Wednesday, July 15, 2009

Anxiety Reading

Publishers Weekly recently interviewed George Dawes Green, the author of Ravens, a novel that will be released by Grand Central Publishing on July 15th. Green had this to say about changes in the publishing industry:

PW: In that intervening time [14 years between novels], what changes did you notice in the publishing industry?

GDG: People aren’t reading books so much. They text and Twitter and Google a lot—anxiety reading—but they’re too jumpy for books.

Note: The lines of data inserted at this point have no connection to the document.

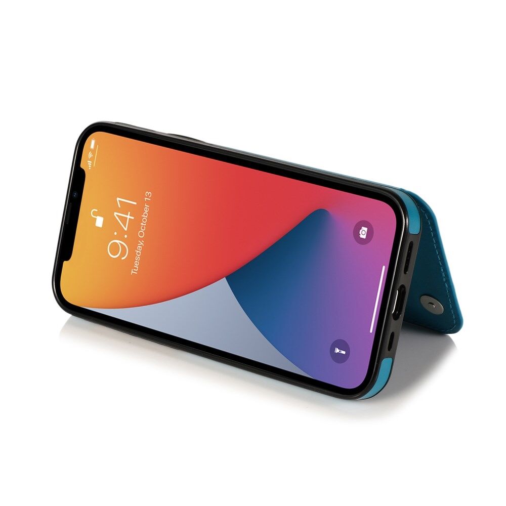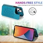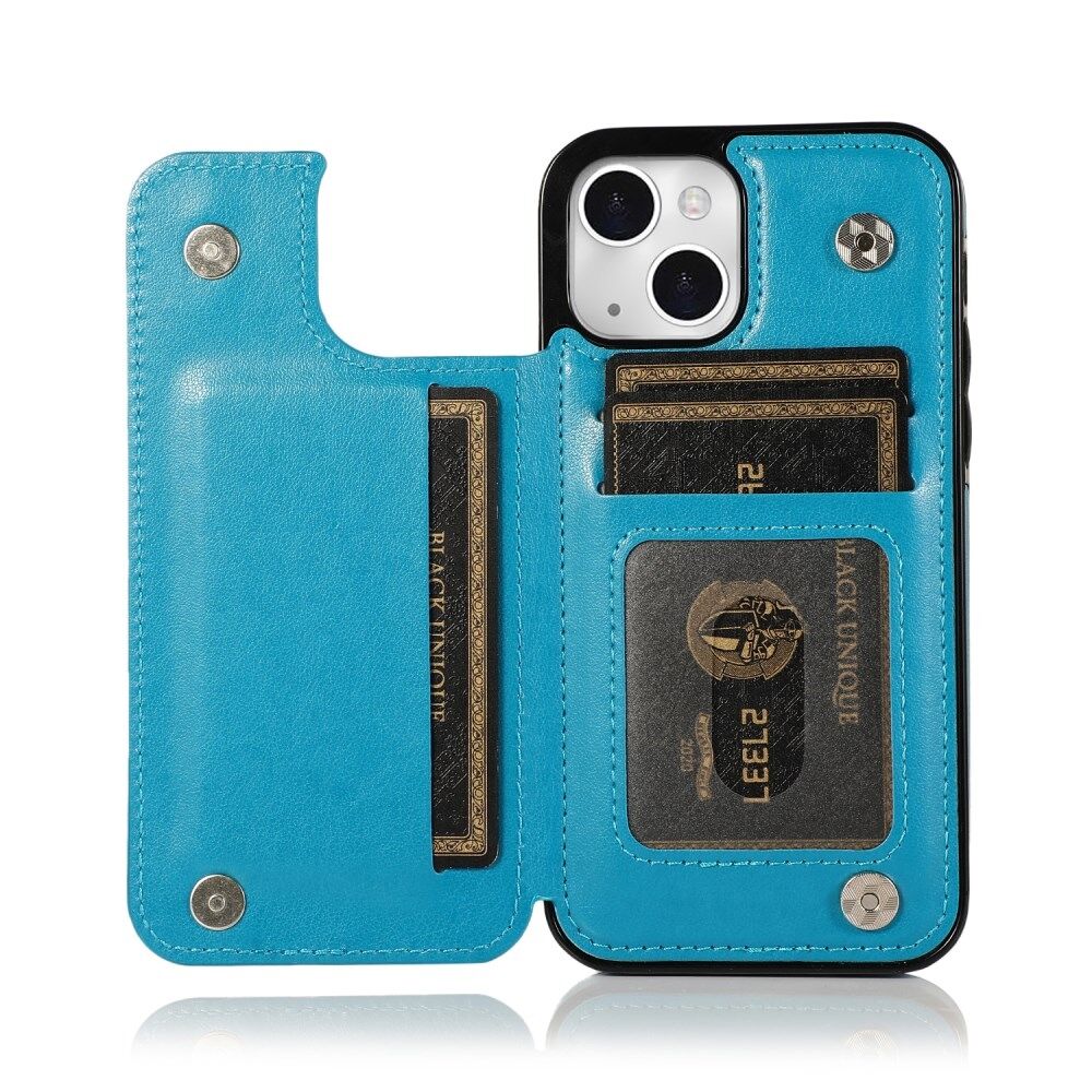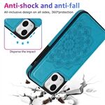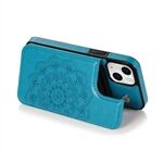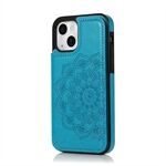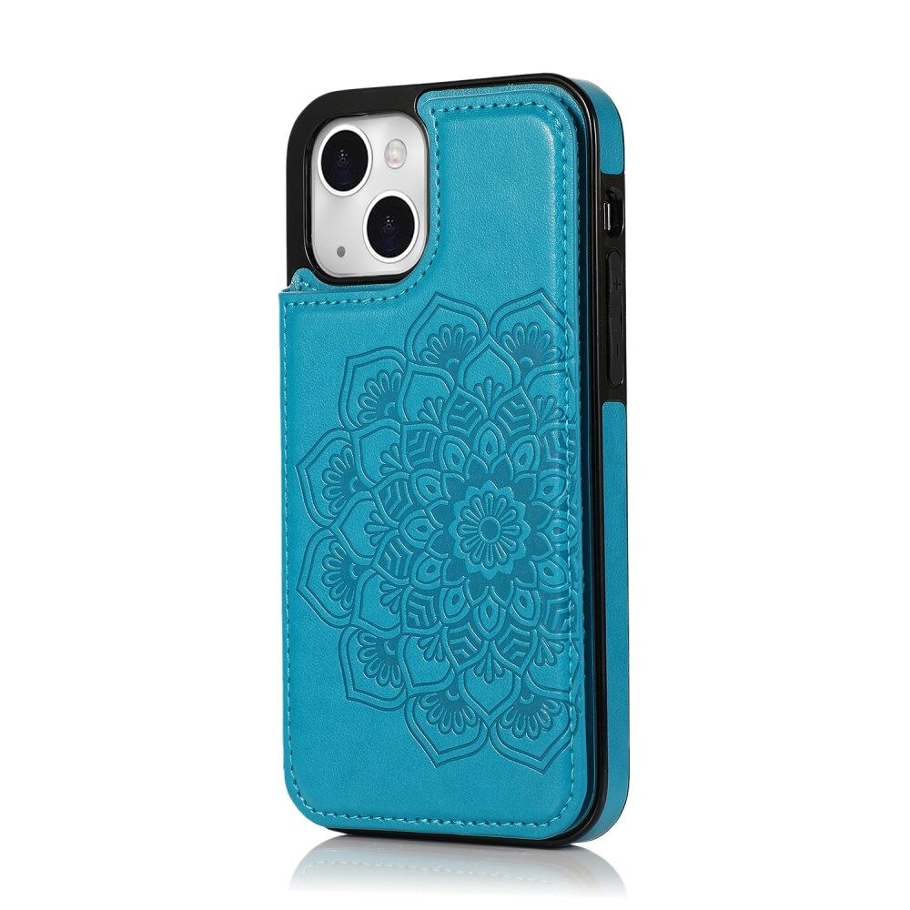 Double Magnetic Buttons PU Leather + TPU Phone Case Imprinted Mandala Flower Kickstand Card Holder Scratch-resistant Phone Cover for iPhone 13 6.1 inch - Blue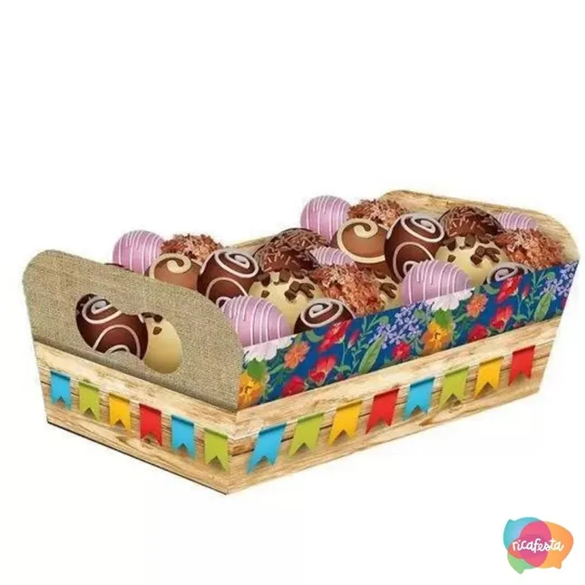 BANDEJA DE PAPEL BANDEIRINHAS FESTA JUNINA 11,5X16X6,7CM ÚNICO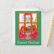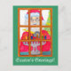 Una imagen adorable y caprichosa de Santa encendiendo las velas de la menorá adorna esta tarjeta postal.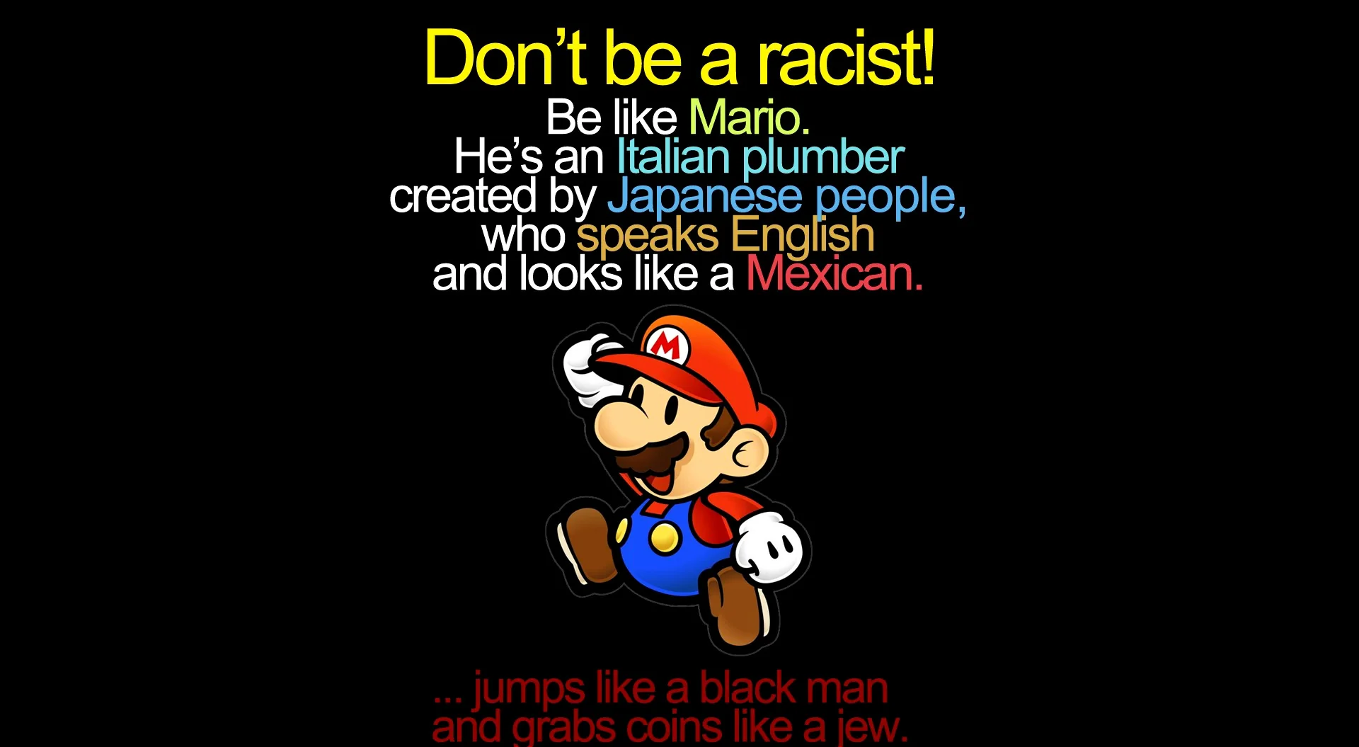 Caption: "Don't be a racist! Be like Mario. He's an Italian plumber created by Japanese people, who speaks English and looks like a Mexican. ... jumps like a black man and grabs coins like a jew."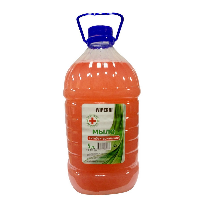 Жидкое мыло Wiperri Антибактериальное 5 л. Назначение: мыло жидкое антибактериальное для мытья рук. Способ применения: небольшое количество средства нанести на смоченную водой кожу, помассировать, смыть водой. Меры предосторожности: при попадании средства в глаза промыть большим количеством воды. Состав: вода, анионные пав, загуститель, триклозан, консервант, краситель, ароматическая композиция, модификатор pH. Условия хранения: хранить в недоступном для детей месте отдельно от пищевых продуктов. Срок годности: 36 месяцев.
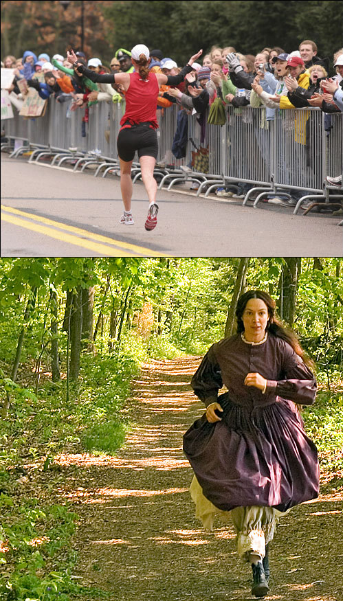 Top: elite women runner passing Wellesley College (boston.com); below from Louisa May Alcott The Woman Behind Little Women (alcottfilm.com)
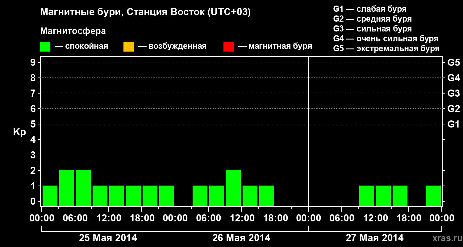 Изменения геомагнитного индекса Kp с 25 по 27 мая 2014 года для высоких широт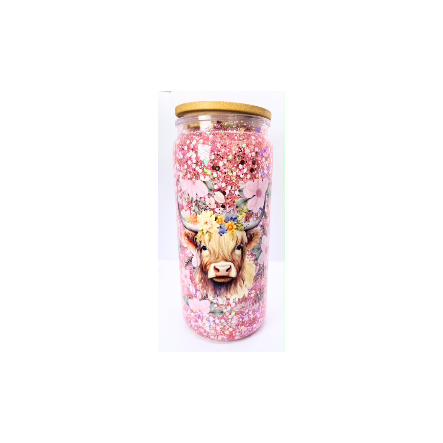 - Each tumbler features a unique pink sparkle design inspired by a Highland cow.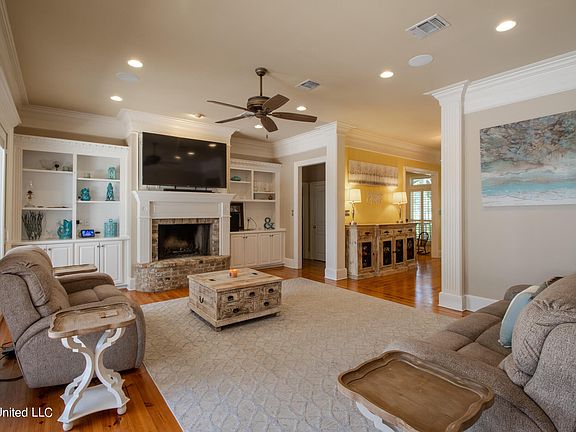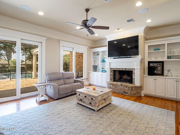 Inside, the main level boasts a grand great room with a romantic fireplace and built-in bookcases, a welcoming foyer, a formal dining room, and a study, all adorned with beautiful heart pine floors. The owner's suite is a private retreat, featuring soothing colors, a Jacuzzi Fiore waterfall tub, spacious closets, and separate shower, his and hers closets along with travertine floors—an inviting sanctuary to unwind after a long day.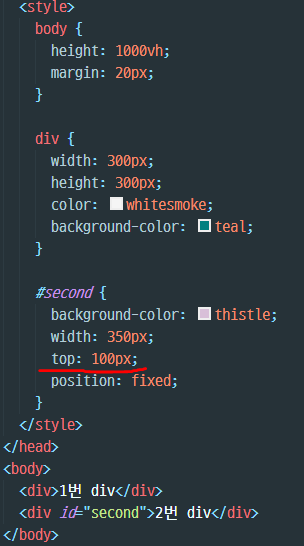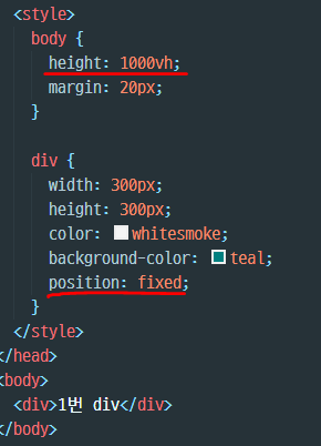 - fixed속성값을 사용하면 스크롤을 내려도 요소의 위치가 고정되어있게 된다.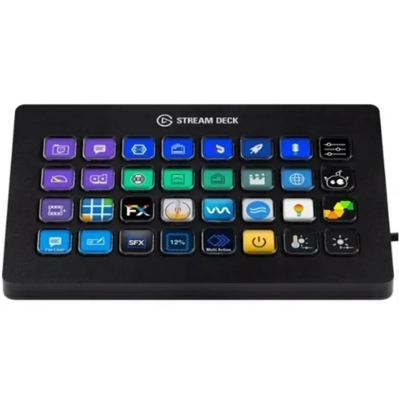 Elevate your content creation to new heights with the Elgato Stream Deck XL, the ultimate command center for streamers, video editors, and creative professionals. Designed for serious workflows, this powerhouse device features 32 customizable LCD keys, each delivering crisp, vibrant visuals for instant feedback. Program unlimited actions, from launching apps and switching scenes to adjusting audio and triggering sound bites, all with a single tap. The Stream Deck XL seamlessly integrates with your favorite software and services, including OBS Studio, Twitch, YouTube, Spotify, and more, streamlining your production process and freeing you to focus on engaging your audience. Its robust, non-slip magnetic stand ensures stability during intense sessions, while the intuitive Stream Deck software makes setup and personalization a breeze. Unlock unparalleled efficiency and unleash your creative potential with the Elgato Stream Deck XL, the definitive tool for taking your content to the next level.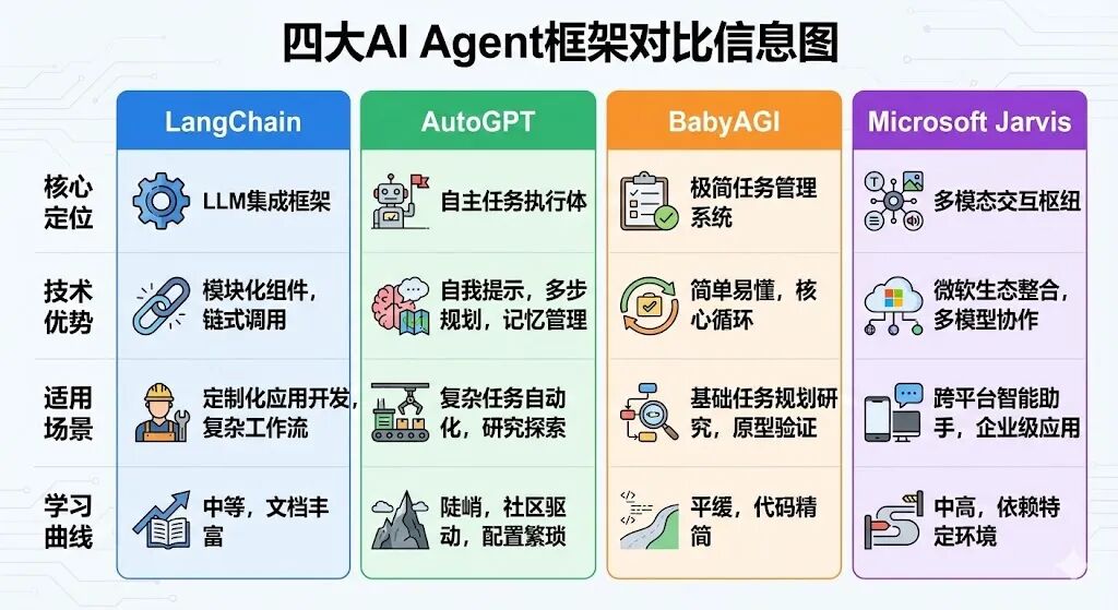 AI Agent框架的核心价值,在于将LLM的通用能力转化为可落地的业务解决方案,通过"大脑-双手-记忆-中枢"的协同设计,打破模型原生局限。LangChain、LlamaIndex、Qwen-Agent、AutoGen四大框架各有侧重,开发者需立足业务场景,平衡开发效率、性能与扩展性选型。

I think the phrase “anxiety reading” is a good descriptor for what we do on the internet and our various mobile devices. We check e-mail, send a text, read a favorite blog, look up a topic on Wikipedia, check a friend’s status on Facebook, send a quick tweet, read a news story, go back to e-mail, and on and on and on. For many of us, our internet agility borders on obsessive-compulsive behavior. In Green’s words, it’s “jumpy.”Instead of the relaxing, transporting experience of reading a good book, internet reading feeds and produces anxiety. Not only is its pace frenetic and its quality unfocused, but its substance is often unsatisfying, requiring more clicking to follow-up on loose ends. To combat internet fatigue, I try to keep my internet reading limited to specific times of the day, reserving other times for the focused reading of books (including e-books).

3 comments:

bermudaonion said...

I'd never thought about that, but it's so true and kind of scary.

Zibilee said...

I've found that if I spend too much time on the computer, I tend to have a harder time focusing on a book afterwards. I read for a few minutes and then get antsy and go do something else, or check my e-mail or something. My mind ends up wandering and I lose focus easily. It is for that reason that I stay away from the computer except when I am writing or on one special day during the week when I check blogs. It is a bit scary that computers are eroding our ability to digest actual literature.